Landscape. Left side of canvas body of water. Lower right two posts. Right margin patches of colour suggest vegetation. Trees and buildings silhouetted against sky. Mid canvas promontory extends towards left margin. Foreground beach, rock at far side of bay. Right of centre beach huts.

Date
1939
Object type
painting
Medium and materials
oil on canvas
Dimensions
330x410mm
Place Made
St Tropez, France
Inscriptions

LL yellow brush point H Scales

LR smudged brown brush point Flora Scales 1939

Verso (not in artist's hand) Greniar [sic], St Tropez, Southern France, 1939, oil on canvas, 330 x 410, Flora Scales.
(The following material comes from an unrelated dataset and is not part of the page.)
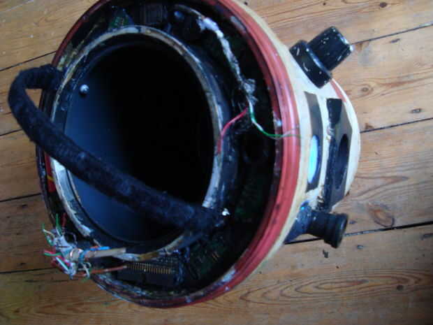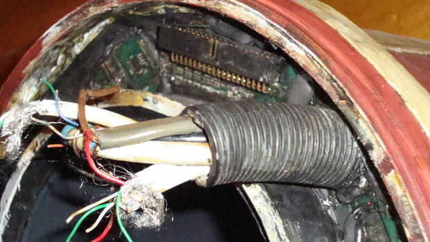 Diferentes longitudes de datos de cables - CAT5, usb, red eléctrica - fueron despojados y deshilachados. Los cables fueron agrupados en manguera flexible para máquina de lavar. Esto fue empujado a través de un agujero en la tapa y asegurar con pegamento caliente. Sólo comprendí luego que el jefe no siente nivel - idealmente, ningún cable debe ser inferior por cuanto el cubo interno sobresale.
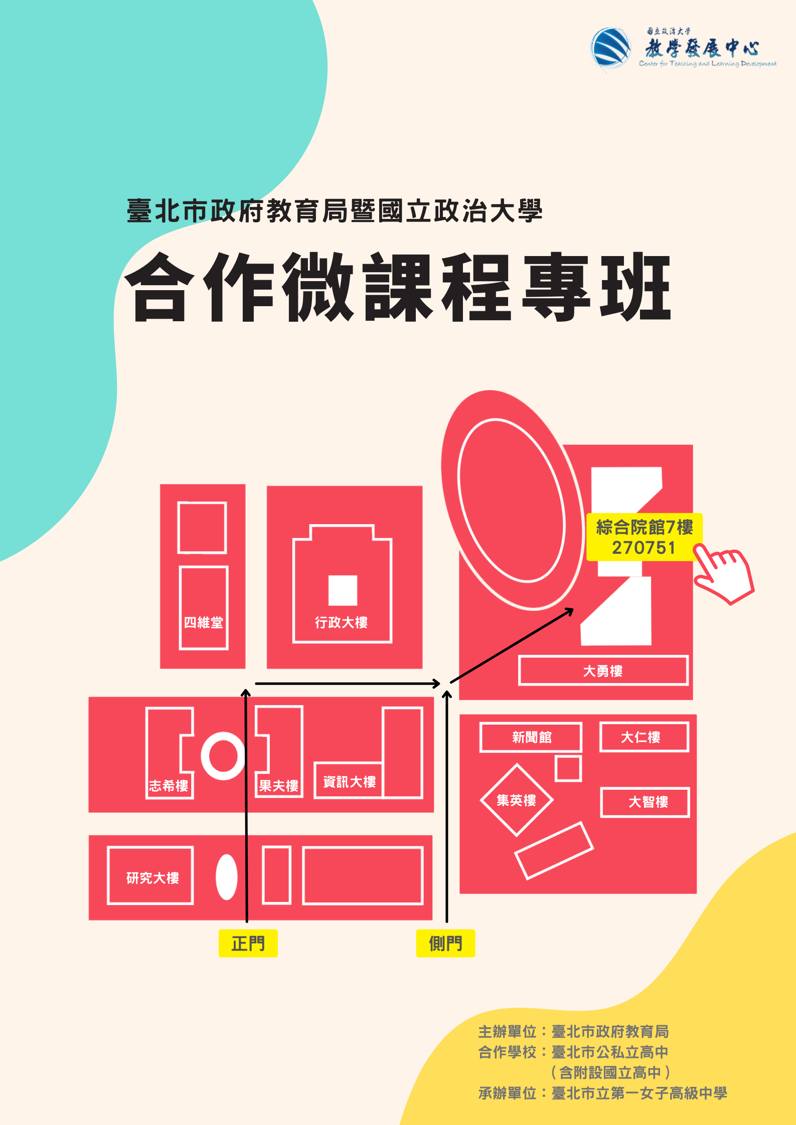 2. 上課地點:國立政治大學綜合院館南棟270751教室

Verso yellow gallery sticker

Verso 3x gallery stamp

Details
Provenance

Purchased by Hocken Collections - Uare Taoka o Hākena, University of Otago Library, Dunedin, New Zealand, with the assistance of a subsidy from the Queen Elizabeth II Arts Council of New Zealand, from Peter McLeavey Gallery, Wellington, July 1976, when it toured there from the Auckland City Art Gallery exhibition, Helen F V Scales, 1975-1976

Copyright Licence
Courtesy Hocken Collections - Uare Taoka o Hākena, University of Otago, Dunedin, New Zealand, 76/59
Current Collection

Hocken Collections - Uare Taoka o Hākena, University of Otago Library

Current Location

Dunedin, New Zealand

General notes

Title supplied by the artist for Auckland City Art Gallery, New Zealand, exhibition, Helen F V Scales, 1975-1976. Listed as artwork no. 2 in this exhibition.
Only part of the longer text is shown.